RECORDS TO USE ->
>>>>
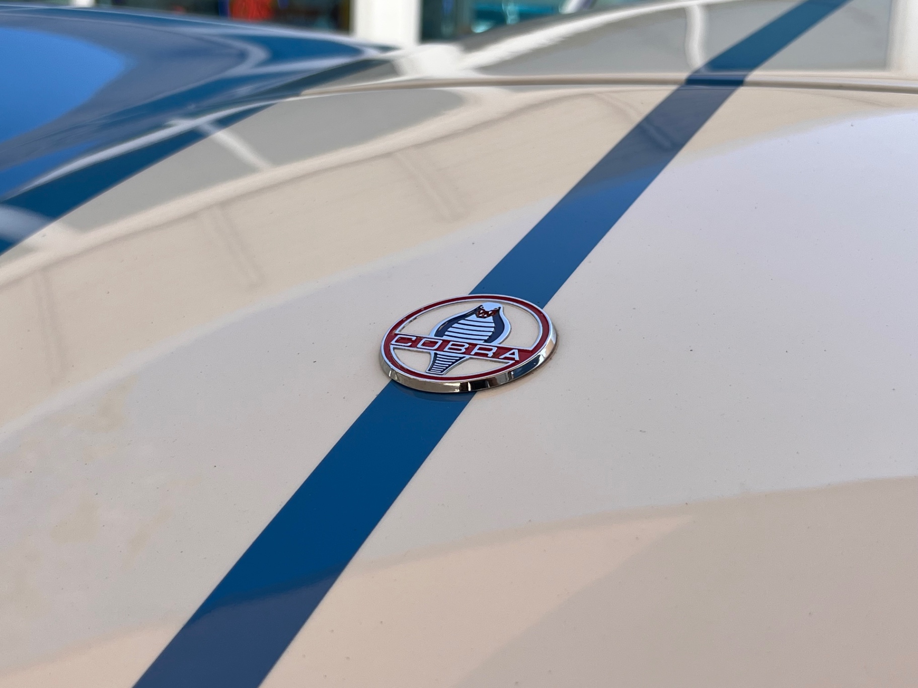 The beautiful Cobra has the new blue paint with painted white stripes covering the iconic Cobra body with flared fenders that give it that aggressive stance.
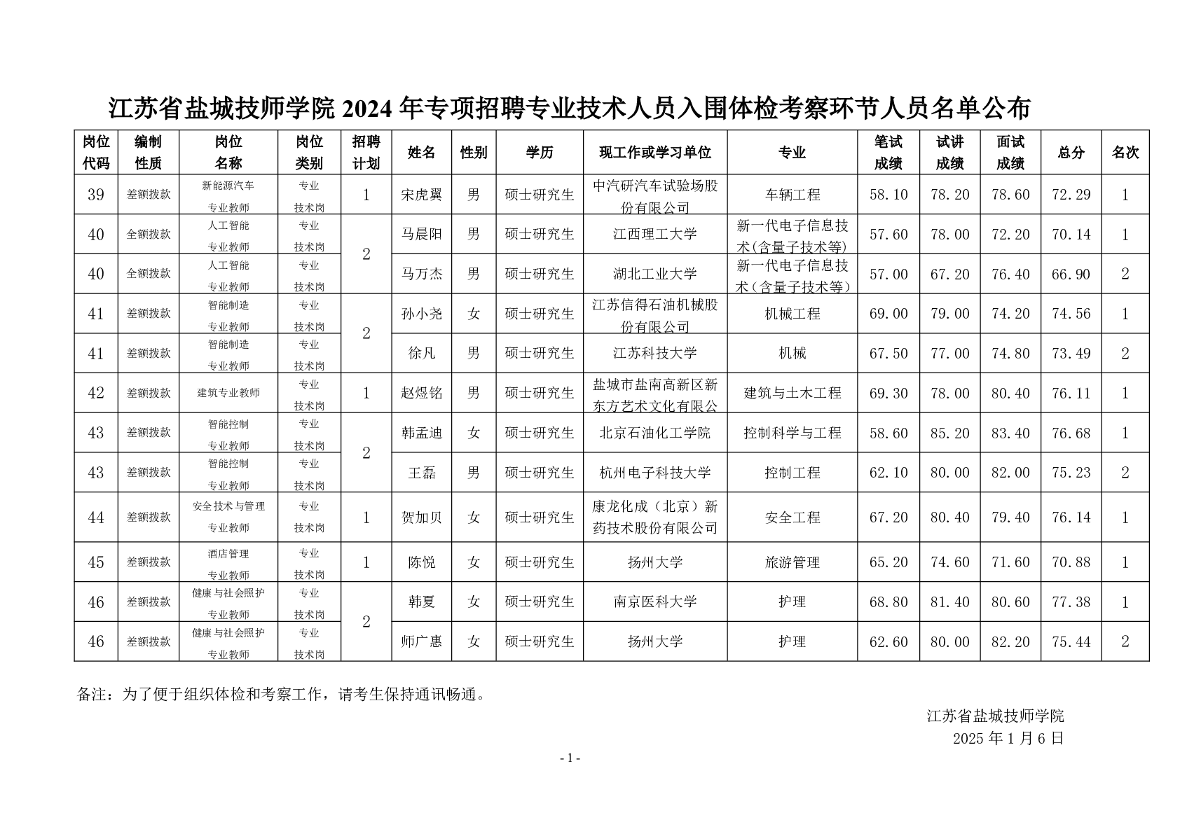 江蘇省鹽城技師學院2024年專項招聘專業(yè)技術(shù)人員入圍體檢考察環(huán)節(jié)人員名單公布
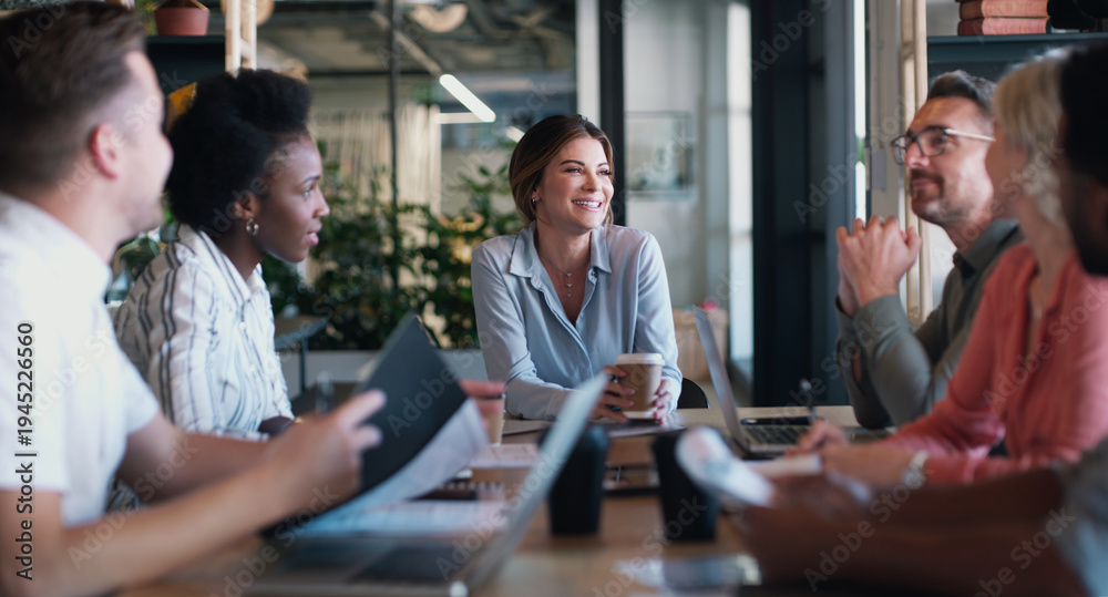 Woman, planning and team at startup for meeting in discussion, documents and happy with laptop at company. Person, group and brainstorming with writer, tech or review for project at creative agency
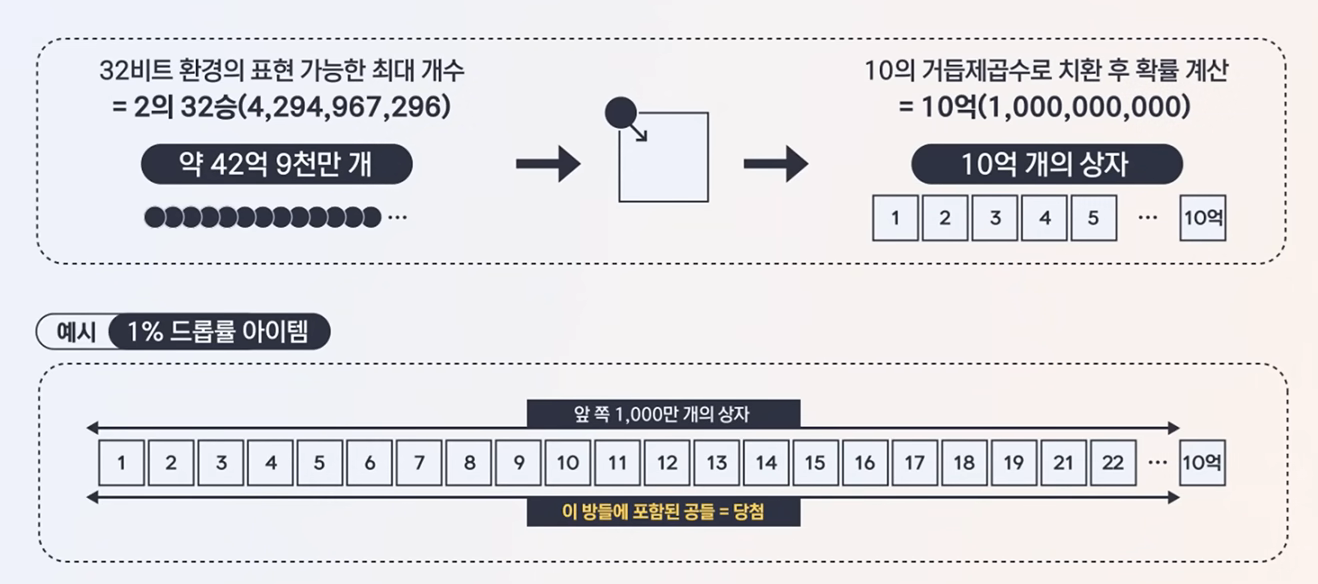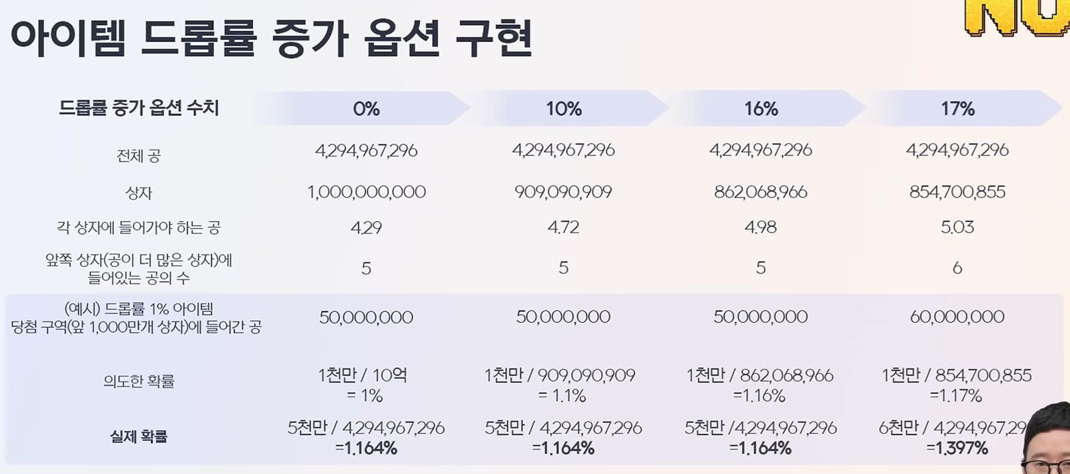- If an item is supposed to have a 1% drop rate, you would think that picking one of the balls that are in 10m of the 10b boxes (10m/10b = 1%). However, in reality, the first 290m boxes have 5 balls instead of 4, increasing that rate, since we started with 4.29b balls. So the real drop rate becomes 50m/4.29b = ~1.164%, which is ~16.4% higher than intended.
<<<<
>>>>
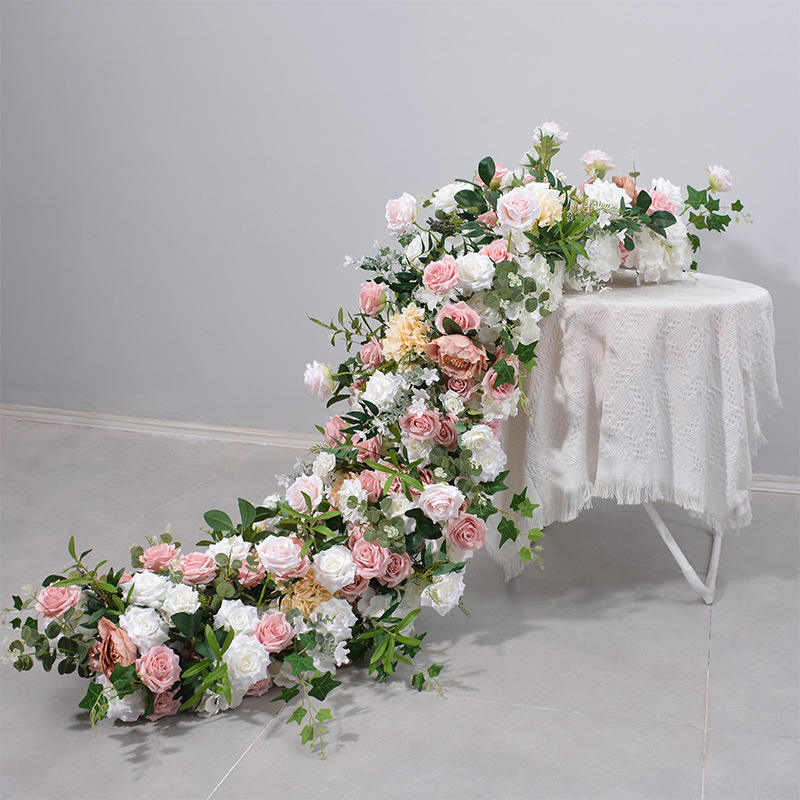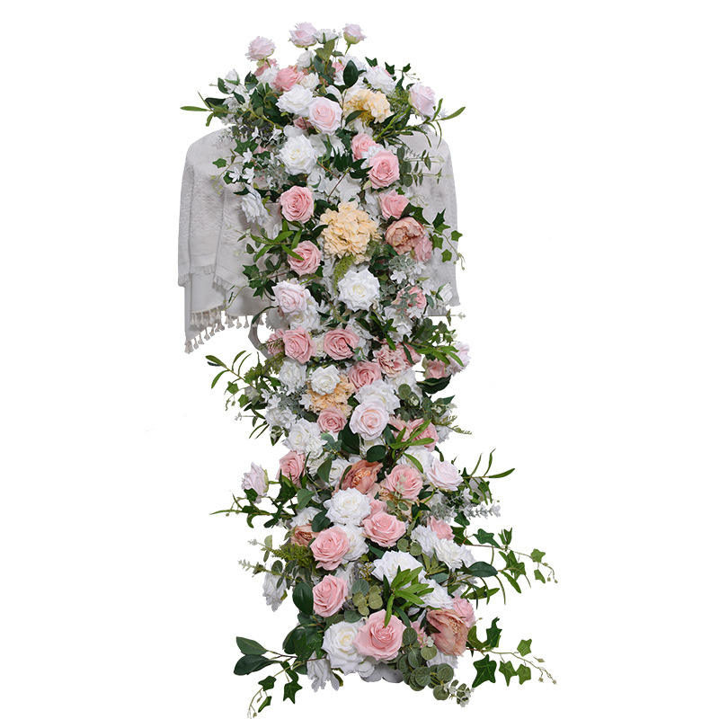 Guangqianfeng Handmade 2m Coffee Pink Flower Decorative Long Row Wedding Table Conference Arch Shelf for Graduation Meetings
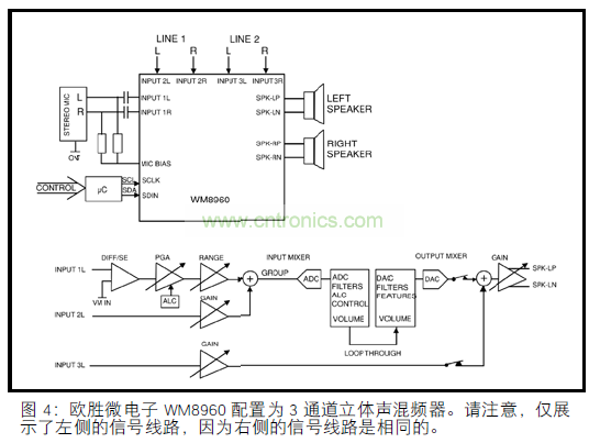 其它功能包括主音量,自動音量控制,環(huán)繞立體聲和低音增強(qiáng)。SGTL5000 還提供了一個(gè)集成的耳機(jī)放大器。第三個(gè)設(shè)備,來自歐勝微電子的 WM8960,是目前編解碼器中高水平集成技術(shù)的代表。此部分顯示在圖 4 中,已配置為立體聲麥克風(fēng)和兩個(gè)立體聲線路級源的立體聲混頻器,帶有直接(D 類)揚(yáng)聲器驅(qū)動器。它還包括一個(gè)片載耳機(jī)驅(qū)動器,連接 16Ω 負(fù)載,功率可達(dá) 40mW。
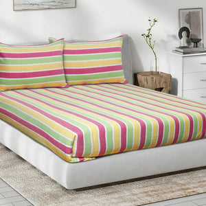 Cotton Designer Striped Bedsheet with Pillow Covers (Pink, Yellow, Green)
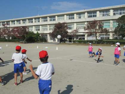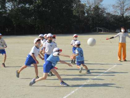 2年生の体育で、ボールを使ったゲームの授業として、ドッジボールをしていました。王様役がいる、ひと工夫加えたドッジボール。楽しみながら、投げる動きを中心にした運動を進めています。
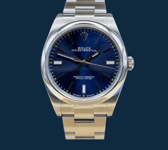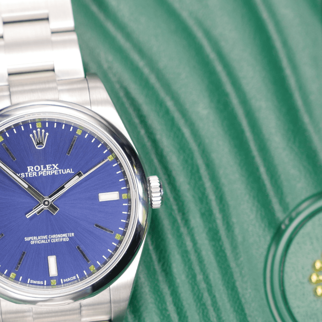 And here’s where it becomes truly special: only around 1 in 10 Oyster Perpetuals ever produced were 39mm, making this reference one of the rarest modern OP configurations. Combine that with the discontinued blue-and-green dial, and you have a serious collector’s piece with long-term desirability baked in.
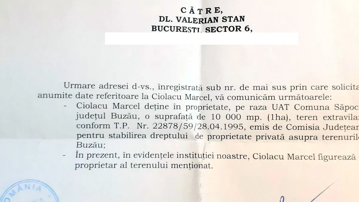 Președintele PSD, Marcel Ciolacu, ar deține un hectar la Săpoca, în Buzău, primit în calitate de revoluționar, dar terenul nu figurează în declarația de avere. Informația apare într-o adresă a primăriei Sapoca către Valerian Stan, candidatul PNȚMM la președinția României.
<<<<
TASK DETAILS -> Exact repeat of the material above: every line from the one with "Cotton Designer Striped" through the one with "2年生の体育で、ボールを使っ", endpoints included, and nothing more. No pictures.

RESULT OF THIS TASK ->
 Cotton Designer Striped Bedsheet with Pillow Covers (Pink, Yellow, Green)
 2年生の体育で、ボールを使ったゲームの授業として、ドッジボールをしていました。王様役がいる、ひと工夫加えたドッジボール。楽しみながら、投げる動きを中心にした運動を進めています。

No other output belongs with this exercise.